I could also very well imagine the theory of transsexuals being more open-minded about sexual preference to be true as well, meaning that a gay transsexual would be more likely to find out/come out, and thus the majority of heterosexuals to be less than under cisgendered people.

However, I’d still like it if there were some statistics on this :)

laureth's avatar

OK, it makes sense now. :) In my meager experience, the majority of people I have known did identify as “straight” before their transition, and “gay” afterward, because the desired mate did not change. Thanks for clarifying.

Response moderated (Off-Topic)
downtide's avatar

Gosh. How did I miss this one? I found it with the new Search facility.

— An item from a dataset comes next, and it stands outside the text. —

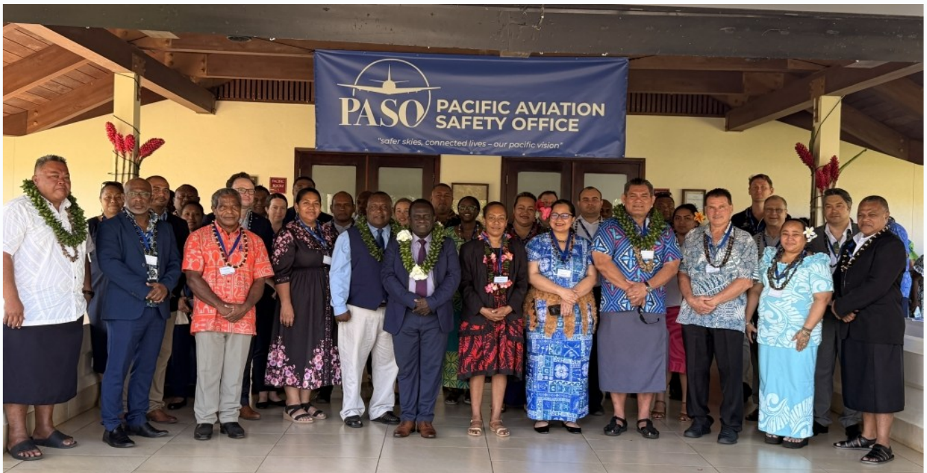
Photo credit: Pacific Aviation Safety Council Meeting 2025 - Pacific Aviation Safety Office

CASA PNG obliged by sending its Inspectors to these PSIDS and have received numerous accolades from the Director Generals of these PSIDS for its audit reports and recommendations which has added value to regional aviation safety.

As has aready been pointed out, sexuality and gender identity are unrelated, so transsexuals can be gay, bi or straight just the same as cisgendered (non-transexual people). Most people do not change their orientation during transition: which means if they were interested in women before transitioning they’ll remain interested in women afterwards as well. Which means that most transsexuals will intersect with the LGB community at some point in their lives, either before or after transition.

I am an active member of the trans community in the city where I live. There are about 60–80 transsexual people who regularly attend the trans group and trans support centre. Based on those who I know are in relationships, my estimate of this fairly small and very sample with a quick count-up, says about 25% are involved in gay/lesbian relationships after transition. So it’s still majority straight, but that there’s more gays and lesbians than there would be in general society.

Of the trans-men, those who identify as gay are almost exclusively dating other trans men. I am the only one there who’s involved with a cisgendered man.

I have no idea which if any of these people identify as bisexual in general, I can only go by what relationships I observe them in.